After two steps of enrichment, the cell cluster showed more beta cells (pink).
It should be noted that although the study can increase the purity of beta cells in cell mixtures to 80%, scientists say that the higher the purity of beta cells, the better. The ability to control the proportion of beta cells in the mixture is a key finding in this study. Now they will focus on investigating the optimal ratio of cells in the mixture.
“Maybe we need more types of cells to help regulate beta cells so they work. We will find out how these cell types interact,” explains Adrian Veres, the first author of the paper.
In summary, in this study, Veres et al. reconstructed the lineage relationship between human pancreatic progenitor cells and differentiated endocrine cells, and revealed the sequence in which these cell types appeared, as well as the dynamic molecular changes that occurred with each differentiation trajectory. Provides insight into the mechanisms by which stem cells differentiate into islet cells.
So, how far are we from treating diabetes with beta cell replacement therapy? Currently, clinical trials have been conducted to test the safety and efficacy of transplanted stem cell-derived islet progenitor cells into patients with type 1 diabetes. However, transplanted pancreatic progenitor cells still need to differentiate and mature into beta cells to achieve effective insulin secretion triggered by glucose stimulation. But in the body, we can’t control the signal factors that the pancreatic progenitor cells are exposed to. Therefore, a more desirable product is that the cells are capable of responding to glucose-secreting insulin before being transplanted into the patient, that is, immediately after transplantation into the patient, and immediately after transplantation into the patient. In addition, it is worth mentioning that transplantation of SC-β alone is not sufficient to treat type 1 diabetes, as alpha cells are also critical for the strict regulation of hormone secretion in human islets and overall regulation of glucose levels.
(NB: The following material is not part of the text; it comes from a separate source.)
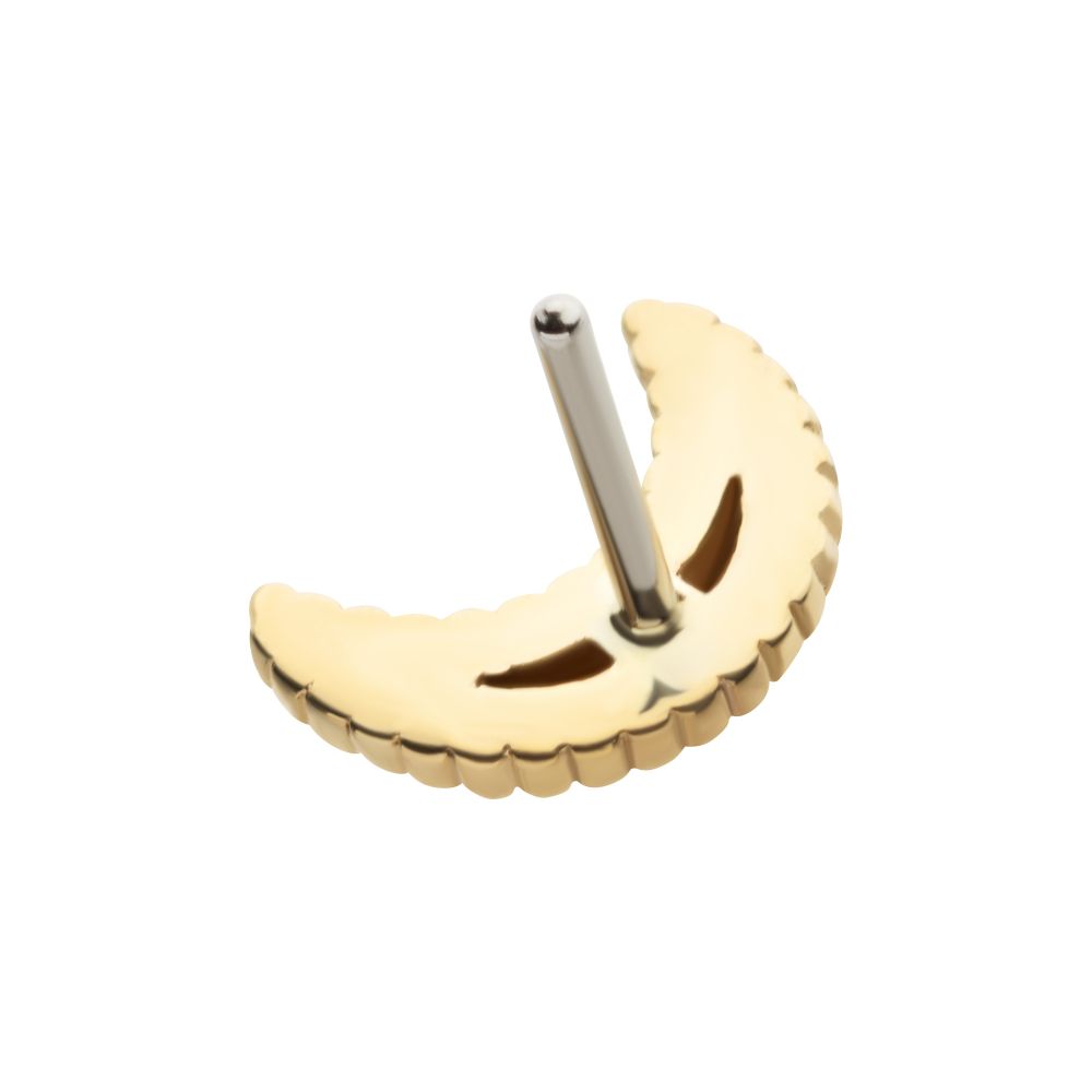 14Kt Yellow Gold Threadless Beaded Edge Crescent Moon Top. Made of solid 14kt nickel-free Gold with durable 316LVM ASTM F-138 Implant Grade Steel Pin designed to be practical and easy to use. Fits all sizes of pins and bases in our threadless body jewelry line. Pin Size: 0.45mm x 4.7mm

Nature’s opinion article stated that Veres et al. have made significant progress in solving some key issues. For the first time, they provided a detailed scRNA-seq dataset covering the main steps in islet cell differentiation in vitro. In addition, a key finding of the study was that SC-α and SC-β can be produced together, but intestinal endocrine SC-EC and proliferative non-secretory cells also appear. This suggests that production of safe products requires separation of SC-α and SC-β to high purity, and in order to avoid the risk of cancer, it is also necessary to remove proliferative progenitor cells. Finally, scientists have identified novel surface markers and signaling pathways that are expected to further improve islet cell differentiation and purification through detailed analysis of scRNA-seq data. Therefore, in summary, this study is of great significance, allowing us to be clinically applied from beta cell replacement therapy, thus changing the treatment of diabetes more closely.